● The problem: Everything from the line containing "乐普便携式AI心电图机以其卓" to the last line of the listing below should be restated exactly, both ends included, with nothing added and the pictures omitted.

● Source material:
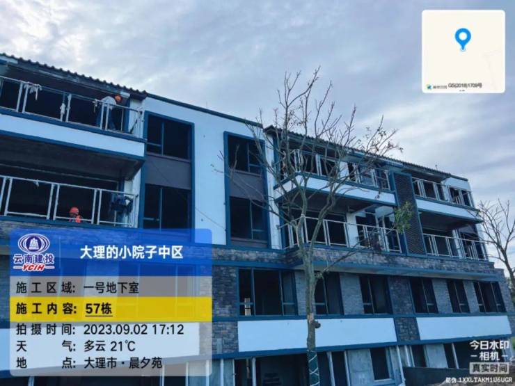 57栋砌体完成100%、内墙抹灰完成100%,外墙抹灰完成100%,屋面防水完成100%;室外抹灰收尾完成100%;室内防水施工完成20%,室内门窗收口完成50%;窗安装完成100%;外墙保温砂浆百分100%、抗裂砂浆完成100%,腻子完成100%,涂料完成100%,文化石完成85%,小青砖完成85%,屋面瓦施工完成;庭院给排水管未安装,室内给水安装完成。
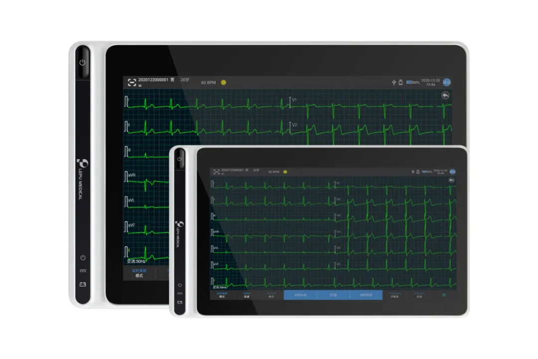 乐普便携式AI心电图机以其卓越的性能和便捷的操作,为医院提供了高质量的静态心电诊断支持,还可助力心电一张网项目建设。设备具有高分辨率的显示屏幕,能够清晰呈现心电波形,方便医护人员快速准确地进行波形分析和诊断。同时,搭载了先进的AI-ECG心电分析辅助技术,能够自动识别常见的心电图异常情况,并给出初步的诊断建议,大大提高了诊断效率和准确性。
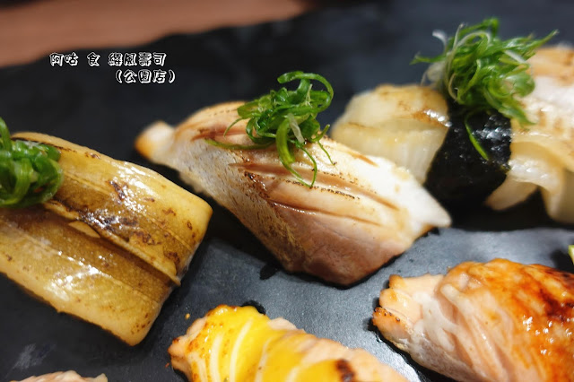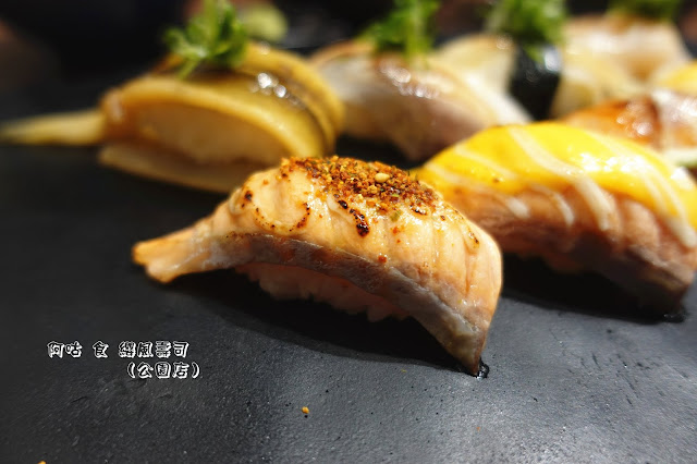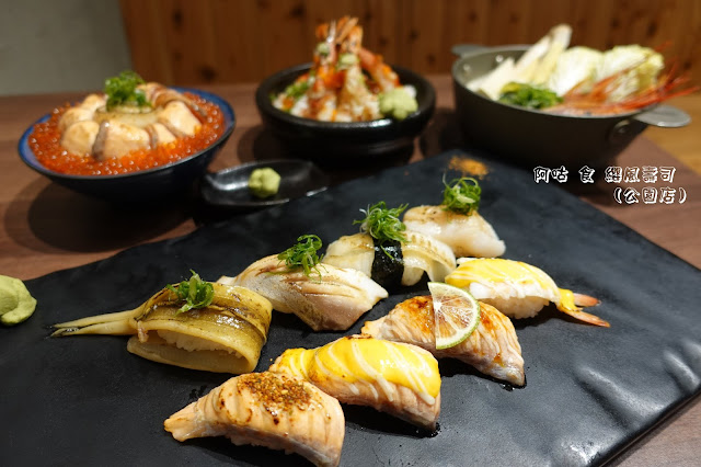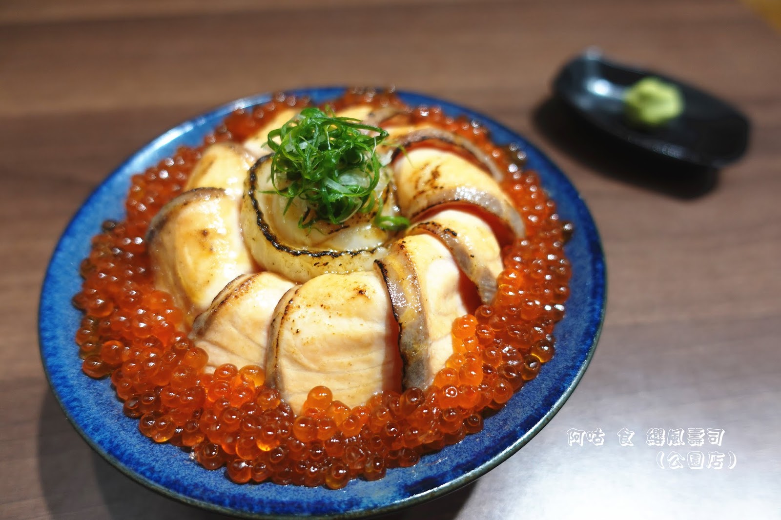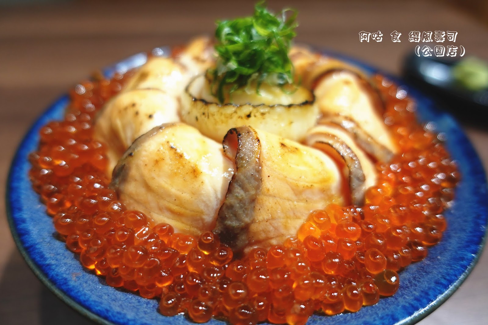 除了那眩目的燒炙厚切鮭魚與鮭魚卵外,中間的燒炙比目魚片與生食級干貝,也不甘落於其後地展現其存在。

● Final answer:
 乐普便携式AI心电图机以其卓越的性能和便捷的操作,为医院提供了高质量的静态心电诊断支持,还可助力心电一张网项目建设。设备具有高分辨率的显示屏幕,能够清晰呈现心电波形,方便医护人员快速准确地进行波形分析和诊断。同时,搭载了先进的AI-ECG心电分析辅助技术,能够自动识别常见的心电图异常情况,并给出初步的诊断建议,大大提高了诊断效率和准确性。
 除了那眩目的燒炙厚切鮭魚與鮭魚卵外,中間的燒炙比目魚片與生食級干貝,也不甘落於其後地展現其存在。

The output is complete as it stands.